To_distributed() with SaveModelCallback

SaveModelCallback seems to be causing pickle errors while training with multi gpu using to_distributed():

 File "/home/turgutluk/fastai/fastai/basic_train.py", line 111, in fit
    fit(epochs, self, metrics=self.metrics, callbacks=self.callbacks+callbacks)
  File "/home/turgutluk/fastai/fastai/basic_train.py", line 111, in fit
    finally: cb_handler.on_train_end(exception)
  File "/home/turgutluk/fastai/fastai/callback.py", line 322, in on_train_end
    finally: cb_handler.on_train_end(exception)
  File "/home/turgutluk/fastai/fastai/callback.py", line 322, in on_train_end
    finally: cb_handler.on_train_end(exception)
  File "/home/turgutluk/fastai/fastai/callback.py", line 322, in on_train_end
    self('train_end', exception=exception)
  File "/home/turgutluk/fastai/fastai/callback.py", line 250, in __call__
    self('train_end', exception=exception)
  File "/home/turgutluk/fastai/fastai/callback.py", line 250, in __call__
    self('train_end', exception=exception)
  File "/home/turgutluk/fastai/fastai/callback.py", line 250, in __call__
    for cb in self.callbacks: self._call_and_update(cb, cb_name, **kwargs)
  File "/home/turgutluk/fastai/fastai/callback.py", line 240, in _call_and_update
    for cb in self.callbacks: self._call_and_update(cb, cb_name, **kwargs)
  File "/home/turgutluk/fastai/fastai/callback.py", line 240, in _call_and_update
    for cb in self.callbacks: self._call_and_update(cb, cb_name, **kwargs)
  File "/home/turgutluk/fastai/fastai/callback.py", line 240, in _call_and_update
    new = ifnone(getattr(cb, f'on_{cb_name}')(**self.state_dict, **kwargs), dict())
  File "/home/turgutluk/fastai/fastai/callbacks/tracker.py", line 104, in on_train_end
    new = ifnone(getattr(cb, f'on_{cb_name}')(**self.state_dict, **kwargs), dict())
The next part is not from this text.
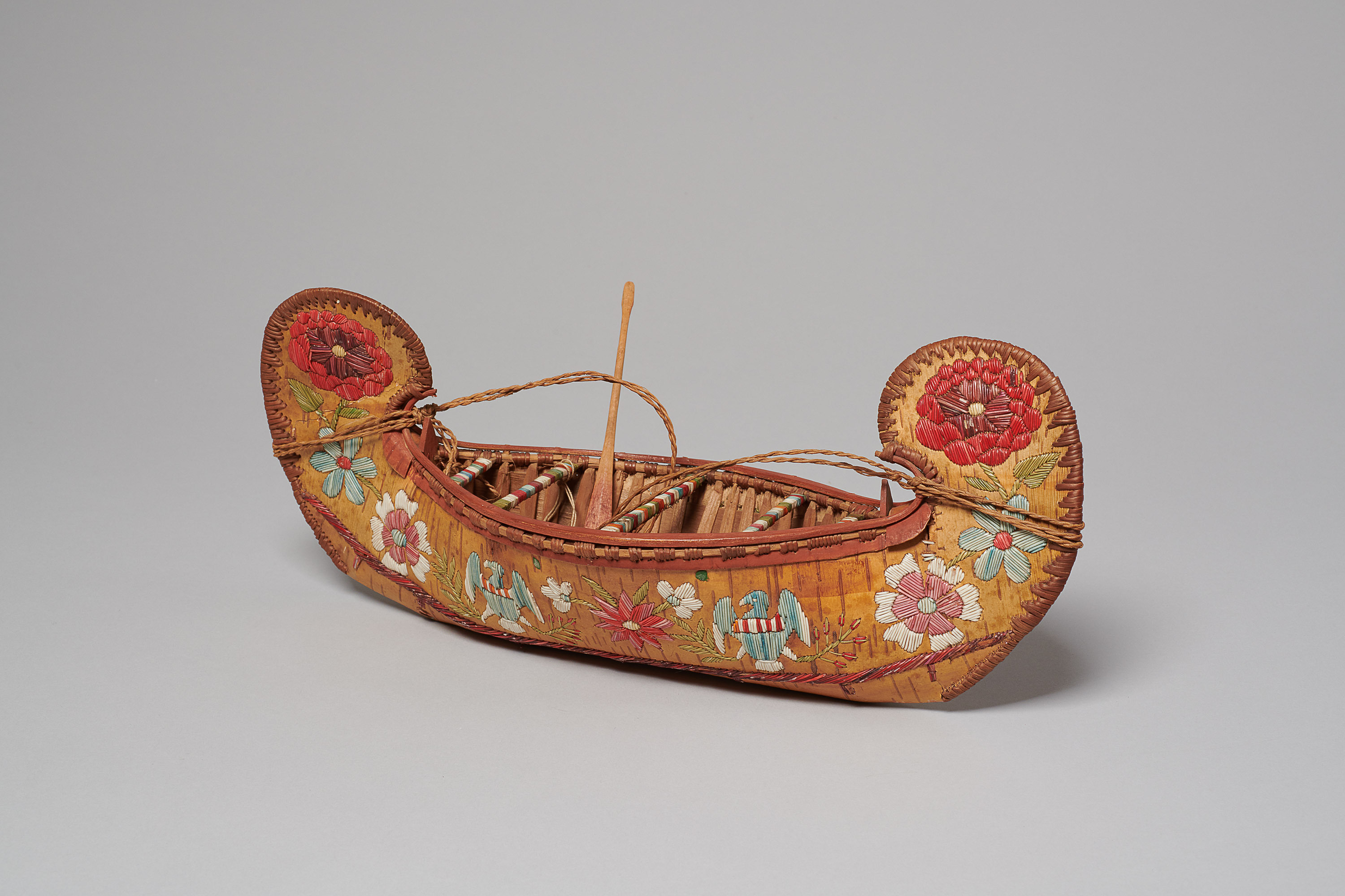 Birch bark, dyed porcupine quills, elk hair, cotton, wood, silk

  File "/home/turgutluk/fastai/fastai/callbacks/tracker.py", line 104, in on_train_end
    new = ifnone(getattr(cb, f'on_{cb_name}')(**self.state_dict, **kwargs), dict())
  File "/home/turgutluk/fastai/fastai/callbacks/tracker.py", line 104, in on_train_end
    self.learn.load(f'{self.name}', purge=False)
  File "/home/turgutluk/fastai/fastai/basic_train.py", line 264, in load
    self.learn.load(f'{self.name}', purge=False)
  File "/home/turgutluk/fastai/fastai/basic_train.py", line 264, in load
    self.learn.load(f'{self.name}', purge=False)
  File "/home/turgutluk/fastai/fastai/basic_train.py", line 264, in load
    state = torch.load(self.path/self.model_dir/f'{name}.pth', map_location=device)
  File "/home/turgutluk/.conda/envs/my_fastai/lib/python3.7/site-packages/torch/serialization.py", line 368, in load
    state = torch.load(self.path/self.model_dir/f'{name}.pth', map_location=device)
  File "/home/turgutluk/.conda/envs/my_fastai/lib/python3.7/site-packages/torch/serialization.py", line 368, in load
    state = torch.load(self.path/self.model_dir/f'{name}.pth', map_location=device)
  File "/home/turgutluk/.conda/envs/my_fastai/lib/python3.7/site-packages/torch/serialization.py", line 368, in load
    return _load(f, map_location, pickle_module)
  File "/home/turgutluk/.conda/envs/my_fastai/lib/python3.7/site-packages/torch/serialization.py", line 532, in _load
    return _load(f, map_location, pickle_module)
  File "/home/turgutluk/.conda/envs/my_fastai/lib/python3.7/site-packages/torch/serialization.py", line 532, in _load
    return _load(f, map_location, pickle_module)
  File "/home/turgutluk/.conda/envs/my_fastai/lib/python3.7/site-packages/torch/serialization.py", line 532, in _load
    magic_number = pickle_module.load(f)
    magic_number = pickle_module.load(f)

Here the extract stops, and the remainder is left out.